» Goal of the exercise:
Would you copy the records exactly, leaving the pictures out?

» Available records:
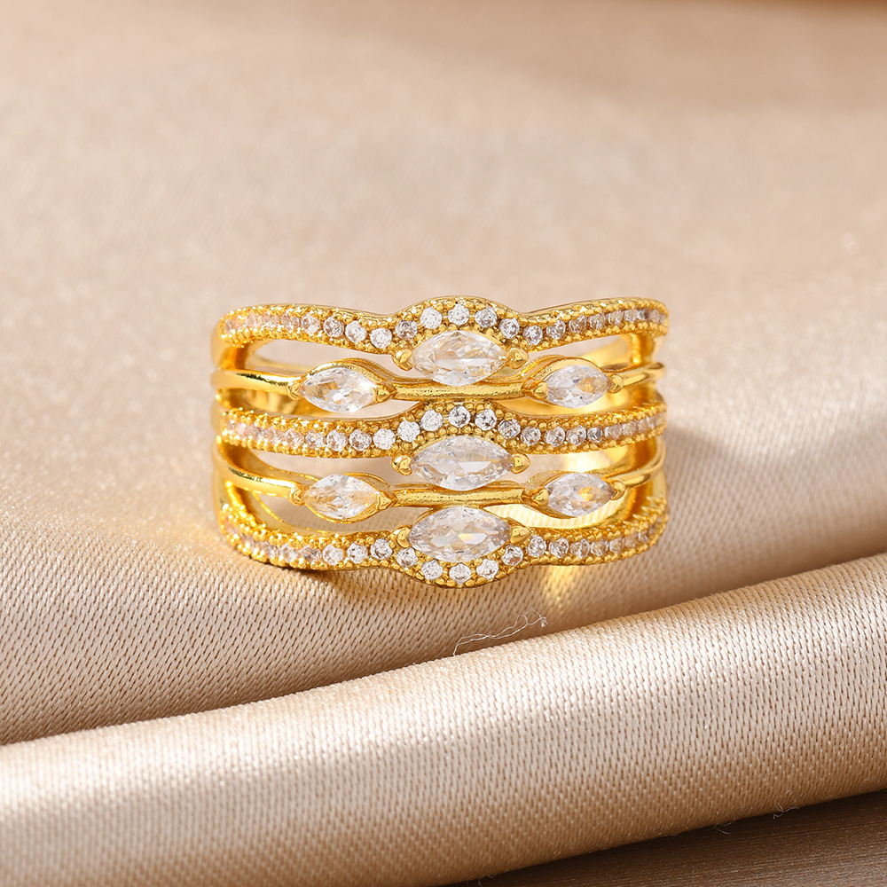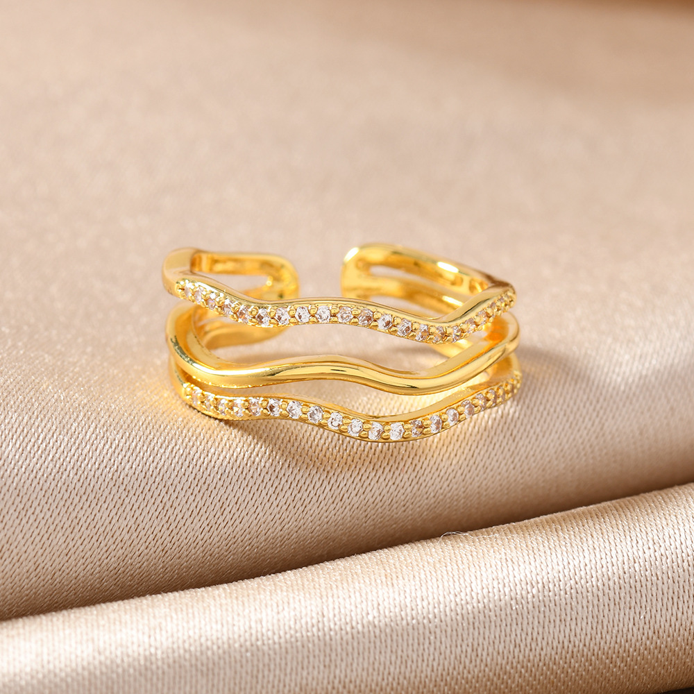 Goldiluxx Minimally Designed Zircon Wave Line Versatile Open Ring
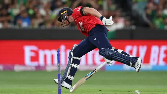 ஆனால் அதற்கு பாகிஸ்தான் துளியும் இடம் தரவில்லை. இறுதிவரை தமது பந்துவீச்சின் மூலம் இங்கிலாந்துக்கு அச்சுறுத்தலை தந்தது. ஷஹீன் அஃப்ரிடி வீசிய முதல் ஓவரின் கடைசி பந்தில் அலெக்ஸ் ஹேல்ஸ் ஆட்டமிழக்க, ஃபில் சால்ட் 10 ரன்களில் விடைபெற்றார். அதிரடி ஆட்டத்தை தொடங்கிய ஜாஸ் பட்லரை ஹாரிஸ் ரவுஃப் வீழ்த்தினார். இங்கிலாந்து அணி 45 ரன்களுக்கு 3 விக்கெட்களை இழந்தது. ஹேரி ப்ரூக் - பென் ஸ்டோக்ஸ் ஜோடி சேர்ந்து அணியை சரிவில் இருந்து மீட்கத் தொடங்கினர்.
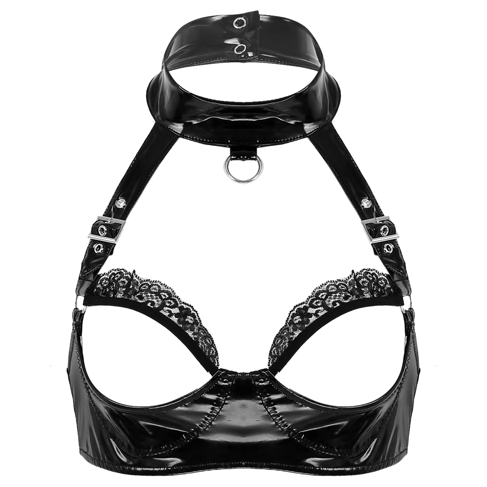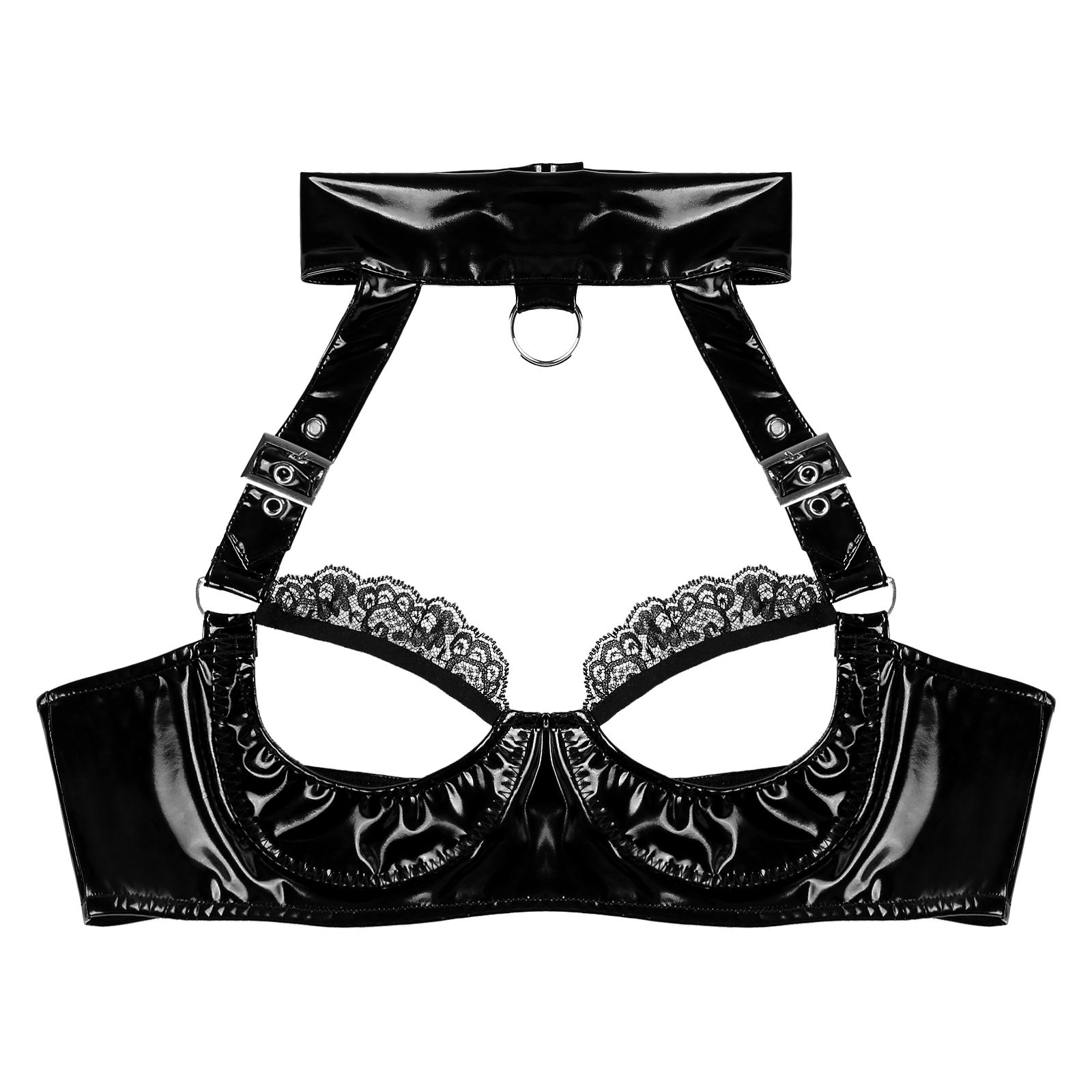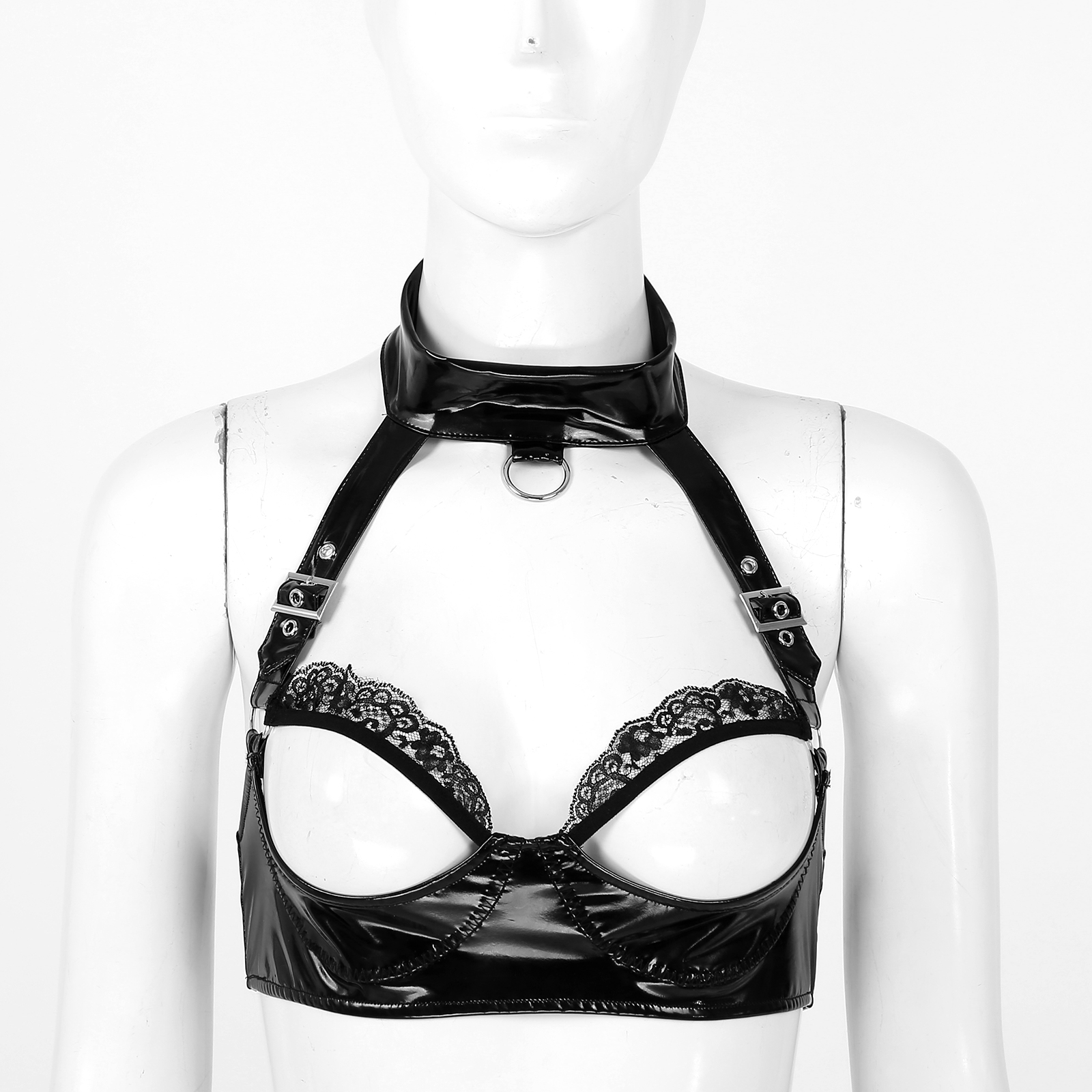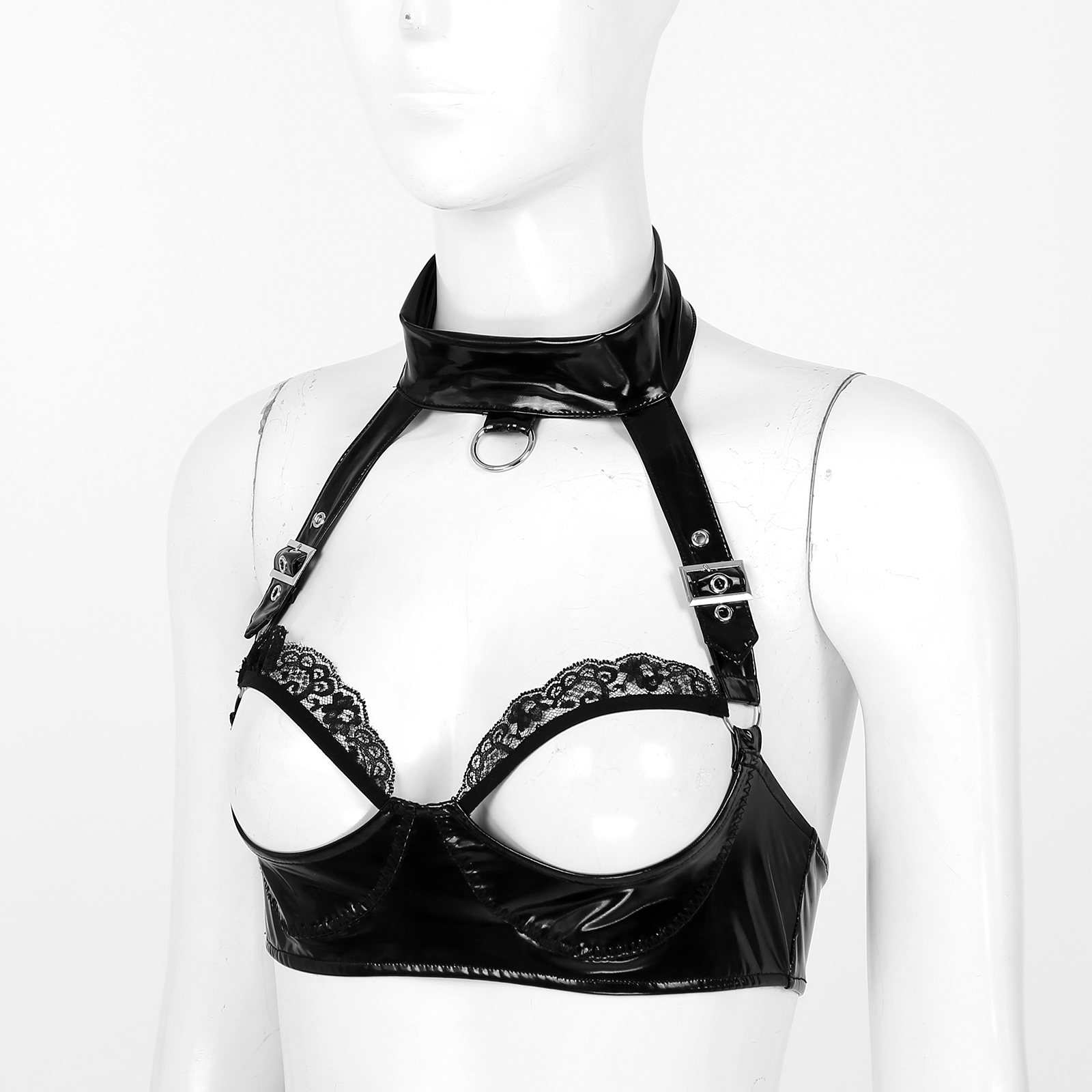 Женский кружевной бюстгальтер из лакированной кожи с вырезами на шее.
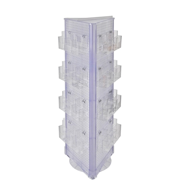 Triangle Three-Sided Tower 16”W x 60”H pegboard panel with revolving base. Assembled: 17”W x 61”H. This unit comes with 12 two-tier 6-pocket tri-fold brochure holders totaling 72 pockets. Each pocket measures 4.625”W x 2”D x 5”H. Pockets are removable and adjustable. Sign holder strip and U-Hooks included. Available in clear pegboard only.
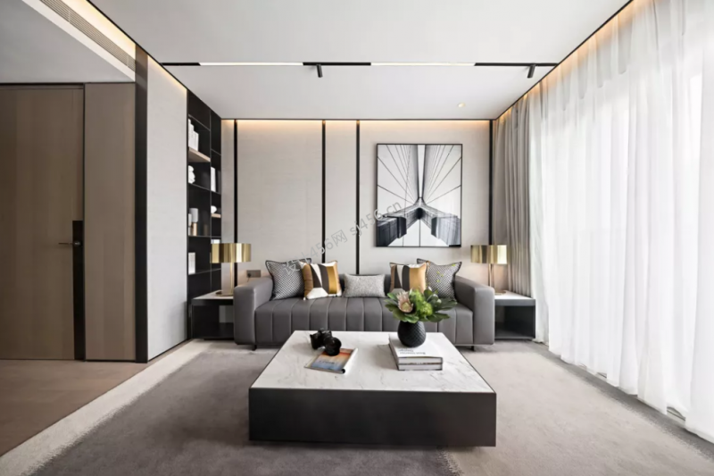 绿地世纪城116平米现代简约三居装修案例风效果图

» Written response:
 Goldiluxx Minimally Designed Zircon Wave Line Versatile Open Ring
 ஆனால் அதற்கு பாகிஸ்தான் துளியும் இடம் தரவில்லை. இறுதிவரை தமது பந்துவீச்சின் மூலம் இங்கிலாந்துக்கு அச்சுறுத்தலை தந்தது. ஷஹீன் அஃப்ரிடி வீசிய முதல் ஓவரின் கடைசி பந்தில் அலெக்ஸ் ஹேல்ஸ் ஆட்டமிழக்க, ஃபில் சால்ட் 10 ரன்களில் விடைபெற்றார். அதிரடி ஆட்டத்தை தொடங்கிய ஜாஸ் பட்லரை ஹாரிஸ் ரவுஃப் வீழ்த்தினார். இங்கிலாந்து அணி 45 ரன்களுக்கு 3 விக்கெட்களை இழந்தது. ஹேரி ப்ரூக் - பென் ஸ்டோக்ஸ் ஜோடி சேர்ந்து அணியை சரிவில் இருந்து மீட்கத் தொடங்கினர்.
 Женский кружевной бюстгальтер из лакированной кожи с вырезами на шее.
 Triangle Three-Sided Tower 16”W x 60”H pegboard panel with revolving base. Assembled: 17”W x 61”H. This unit comes with 12 two-tier 6-pocket tri-fold brochure holders totaling 72 pockets. Each pocket measures 4.625”W x 2”D x 5”H. Pockets are removable and adjustable. Sign holder strip and U-Hooks included. Available in clear pegboard only.
 绿地世纪城116平米现代简约三居装修案例风效果图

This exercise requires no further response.